• _Problem to work on_
Below this line are records; transcribe exactly the lines between the one holding "[土壤墒情]根据2025年2" and the one holding "Elektrickú gitaru s", inclusive, and omit the pictures.

• _Data_
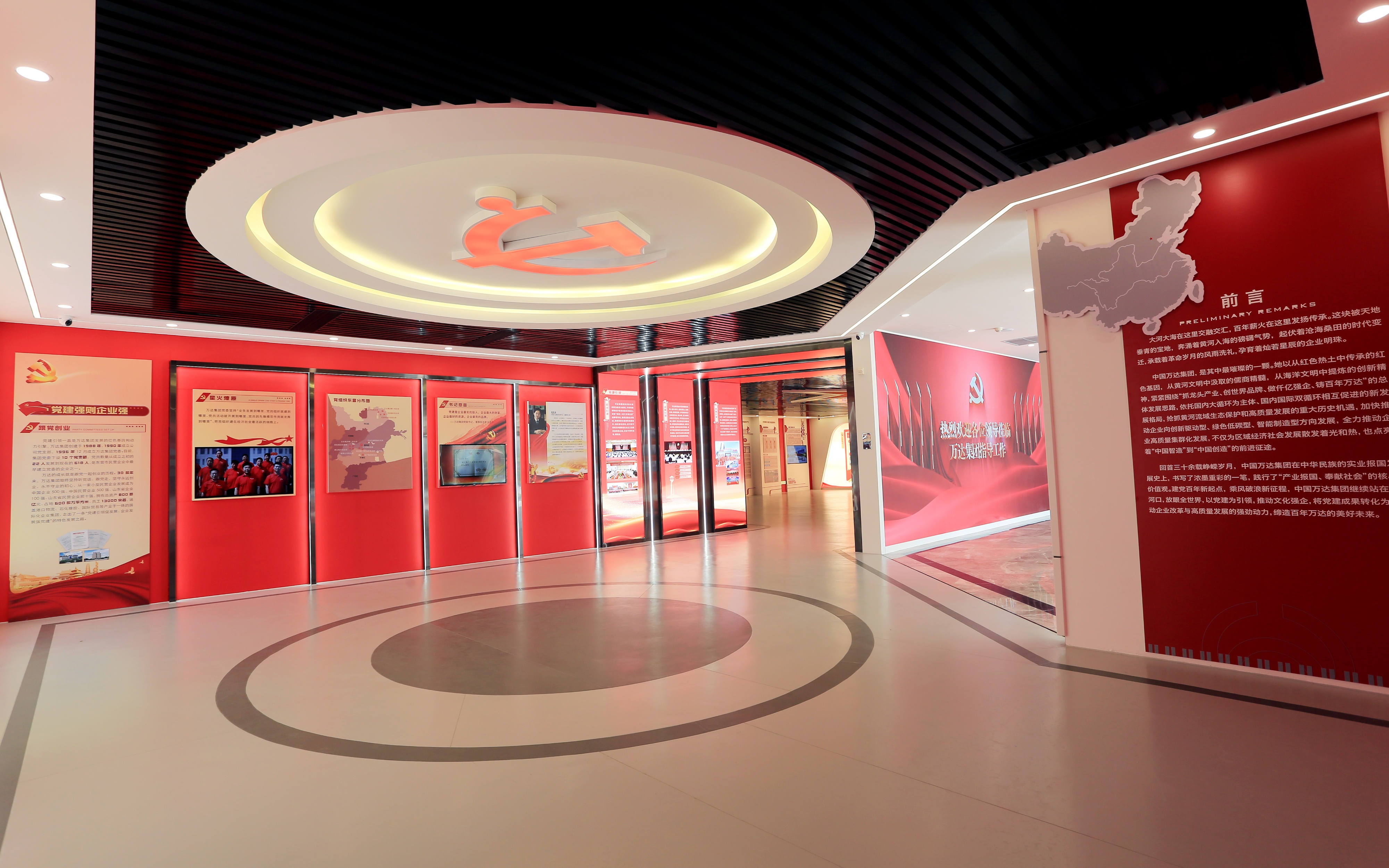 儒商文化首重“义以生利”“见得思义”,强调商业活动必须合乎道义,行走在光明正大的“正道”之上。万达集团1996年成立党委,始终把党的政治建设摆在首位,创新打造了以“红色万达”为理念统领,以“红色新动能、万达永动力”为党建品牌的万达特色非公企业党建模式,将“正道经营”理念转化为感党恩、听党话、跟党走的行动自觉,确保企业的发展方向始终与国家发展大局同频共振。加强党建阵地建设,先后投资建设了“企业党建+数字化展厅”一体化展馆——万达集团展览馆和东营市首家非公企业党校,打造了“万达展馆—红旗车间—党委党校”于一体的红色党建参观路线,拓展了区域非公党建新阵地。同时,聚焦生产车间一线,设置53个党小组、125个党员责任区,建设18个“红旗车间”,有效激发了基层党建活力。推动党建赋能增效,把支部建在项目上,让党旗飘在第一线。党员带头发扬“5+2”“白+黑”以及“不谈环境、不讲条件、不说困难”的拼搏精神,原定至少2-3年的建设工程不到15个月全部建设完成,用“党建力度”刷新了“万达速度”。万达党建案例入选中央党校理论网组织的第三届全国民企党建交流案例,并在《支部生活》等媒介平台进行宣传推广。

==

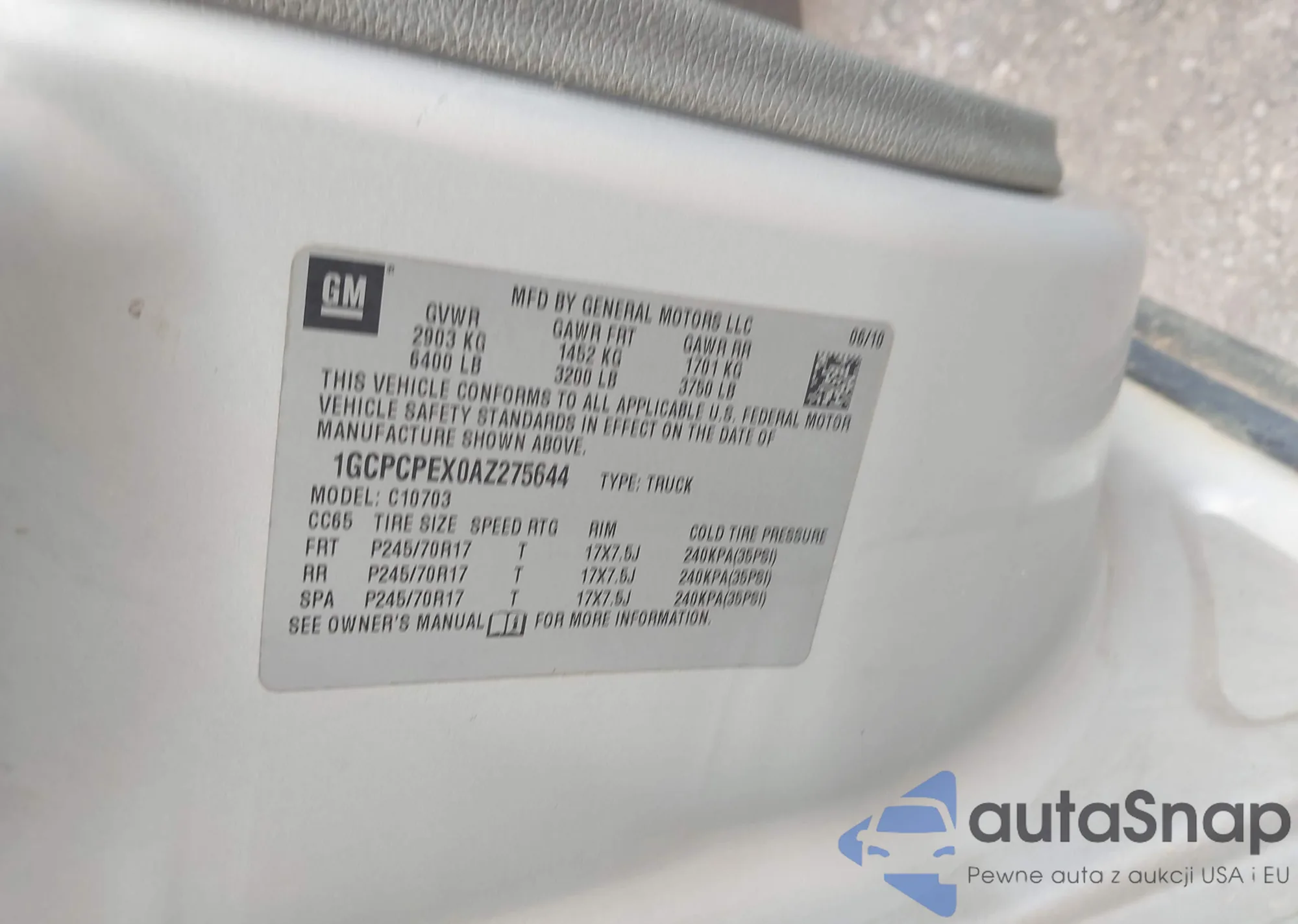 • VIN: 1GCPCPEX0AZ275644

---

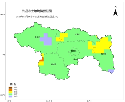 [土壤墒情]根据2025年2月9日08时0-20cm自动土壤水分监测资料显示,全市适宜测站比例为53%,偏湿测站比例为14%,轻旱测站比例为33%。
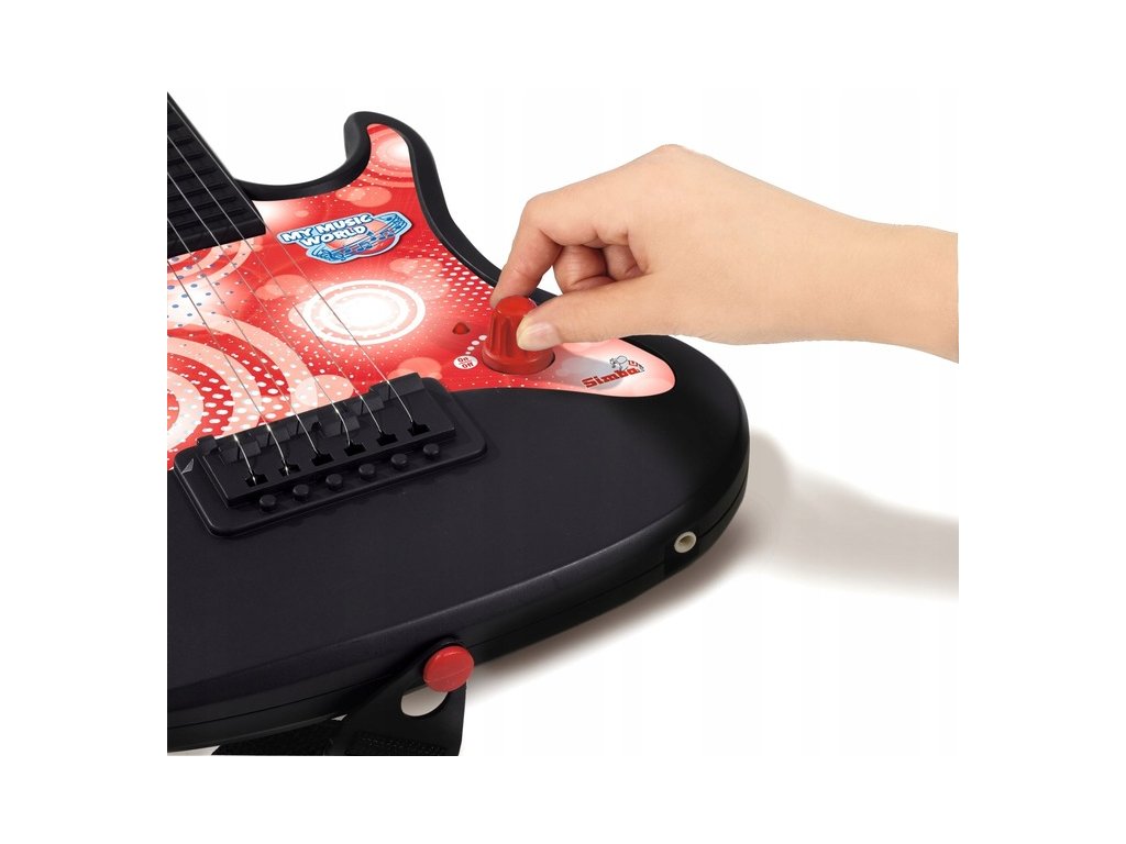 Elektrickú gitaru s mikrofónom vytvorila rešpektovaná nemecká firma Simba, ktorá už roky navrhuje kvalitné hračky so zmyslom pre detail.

• _Result of the exercise_
 [土壤墒情]根据2025年2月9日08时0-20cm自动土壤水分监测资料显示,全市适宜测站比例为53%,偏湿测站比例为14%,轻旱测站比例为33%。
 Elektrickú gitaru s mikrofónom vytvorila rešpektovaná nemecká firma Simba, ktorá už roky navrhuje kvalitné hračky so zmyslom pre detail.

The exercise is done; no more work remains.